The pines are in an undisclosed sandstone grove in the Wollemi national park, in the Blue Mountains, about 200km north-west of Sydney. They were thought extinct until discovered 26 years ago..............................
(Excerpt) Read more at theguardian.com ...
These pines, a species that is ,2500,000 years old from the time if the dinosaurs, have made it through the brush fire conflagration.
Its a remnant of the Gondwanan forests that once covered much of Australia.
They still exist in abundance on Tasmania.
I would love to see those trees in person - I can’t imagine it. I was amazed to see Joshua Trees - the individual trees can be thousands of years old, I’m not sure how old the species is. But careless or crazy people would endanger those Australian trees if it was common knowledge where to find them.
The Blue Mountains are beautiful!!
Gosh, that’s pretty
From the piece:”...existed up to 200m years ago...” So, which is it? 2.5 million or 200 million?
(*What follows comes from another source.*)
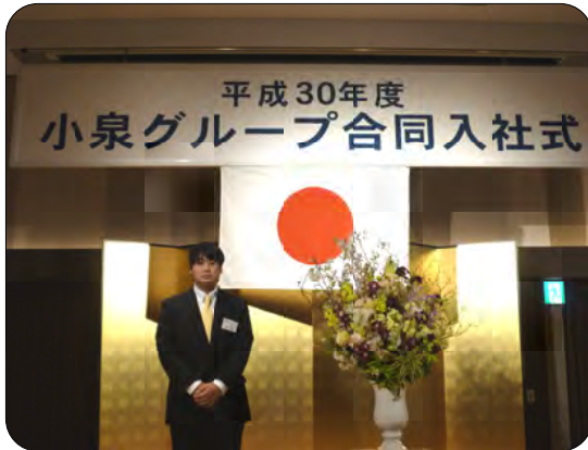
小泉グループ合同入社式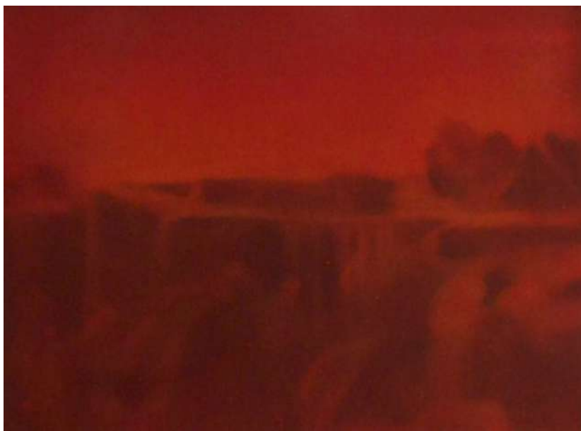
we can remember it for you wholesale - 2018

Asking for a friend who want to build a log cabin out of them. :-)
You mean someone was around to date them then?
Perhaps the karma of this species is about exhausted.
It would appear to be a hardy survivor though.
Was presumed extinct and known only from fossil records dating to the late Cretaceous.
Then it was rediscovered 26 years ago by accident in a remote region of the Australian state of New South Wales.
Like the coelacanth, its a true living fossil.
Excellent. We have alligator junipers here that are easliy 1000 years old, and I hate it when fire gets them.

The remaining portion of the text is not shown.